[DATA]

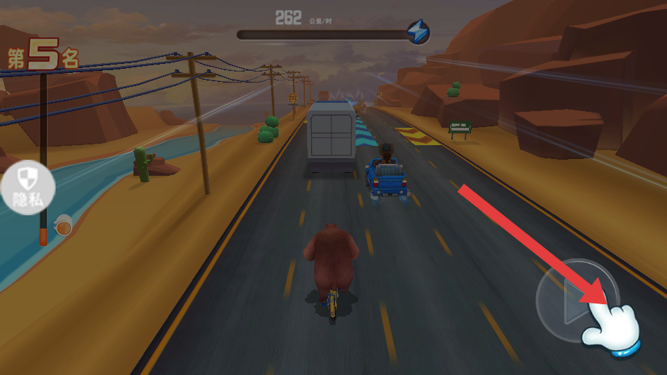 1、比赛中,点击右侧方向按键,控制角色在赛道上转向,避开障碍物,超越前方车辆,提升排名。
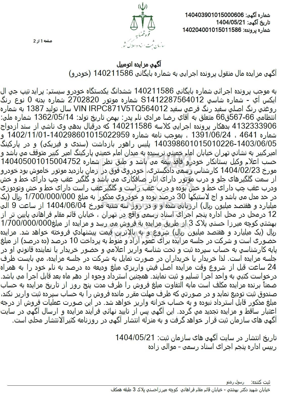 مزایده یکدستگاه خودرو پراید تیپ جی ال ایکس آی رنگ سفید مدل 1387, مزایده یکدستگاه خودرو پراید تیپ جی ال ایکس آی رنگ سفید مدل 1387
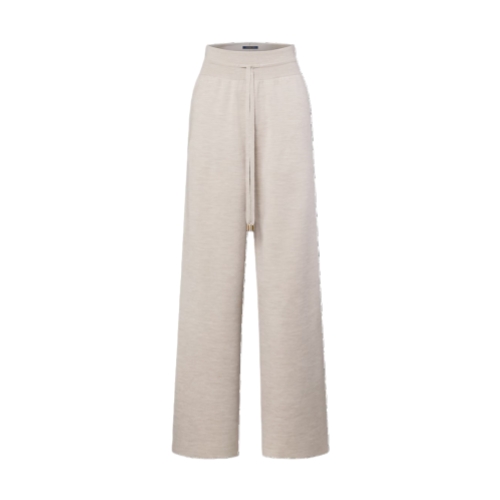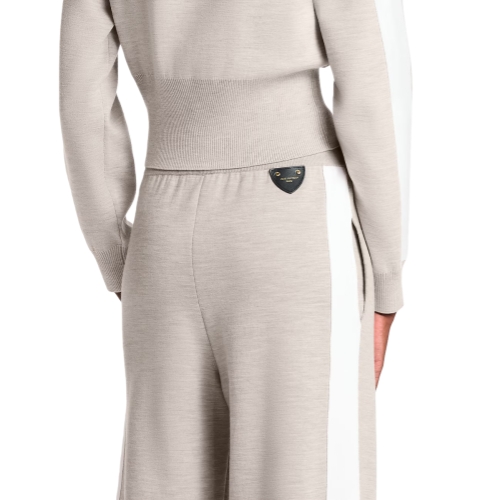 These jogging pants have elevated appeal in a fine wool-blend knit crafted in a wide-leg shape with a flattering wide waistband. The outer seams are highlighted with contrasting stripes for a classic sporty feel, while a leather Louis Vuitton Paris patch adds a refined signature to the back. Complete with two practical side pockets.
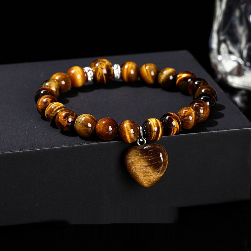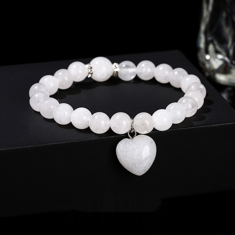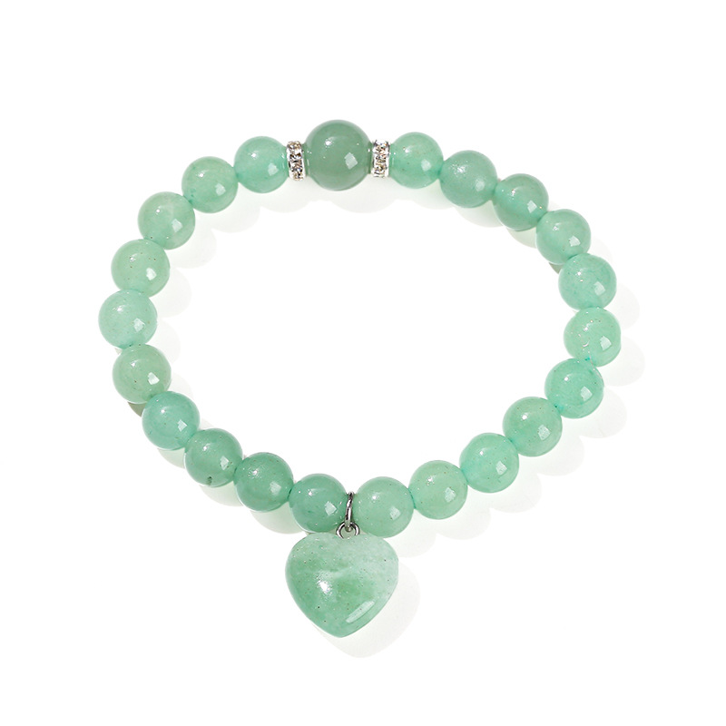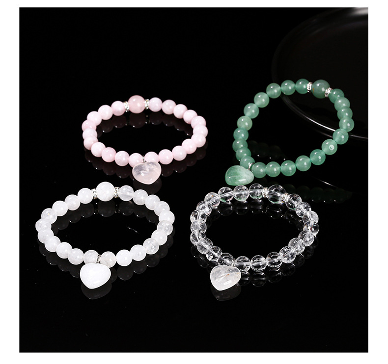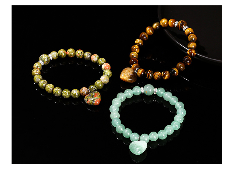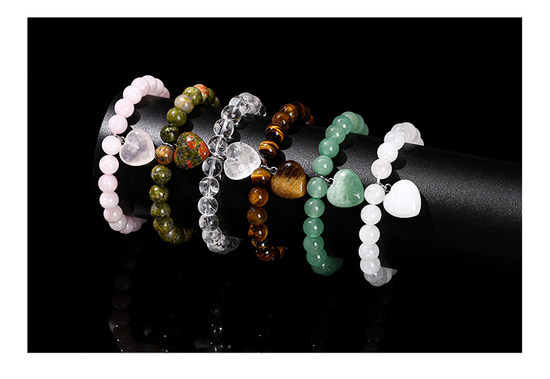 Color: natural pink crystal love pendant bracelet, natural green aventurine love pendant bracelet, natural white crystal love pendant bracelet, natural yellow Tigereye love pendant bracelet, natural white jade love pendant bracelet, natural unakite love pendant bracelet

[/DATA]

TASK PROMPT:
All lines of the listing must be given again exactly, excluding the pictures.

REPLY TO THE EXERCISE:
 1、比赛中,点击右侧方向按键,控制角色在赛道上转向,避开障碍物,超越前方车辆,提升排名。
 مزایده یکدستگاه خودرو پراید تیپ جی ال ایکس آی رنگ سفید مدل 1387, مزایده یکدستگاه خودرو پراید تیپ جی ال ایکس آی رنگ سفید مدل 1387
 These jogging pants have elevated appeal in a fine wool-blend knit crafted in a wide-leg shape with a flattering wide waistband. The outer seams are highlighted with contrasting stripes for a classic sporty feel, while a leather Louis Vuitton Paris patch adds a refined signature to the back. Complete with two practical side pockets.
 Color: natural pink crystal love pendant bracelet, natural green aventurine love pendant bracelet, natural white crystal love pendant bracelet, natural yellow Tigereye love pendant bracelet, natural white jade love pendant bracelet, natural unakite love pendant bracelet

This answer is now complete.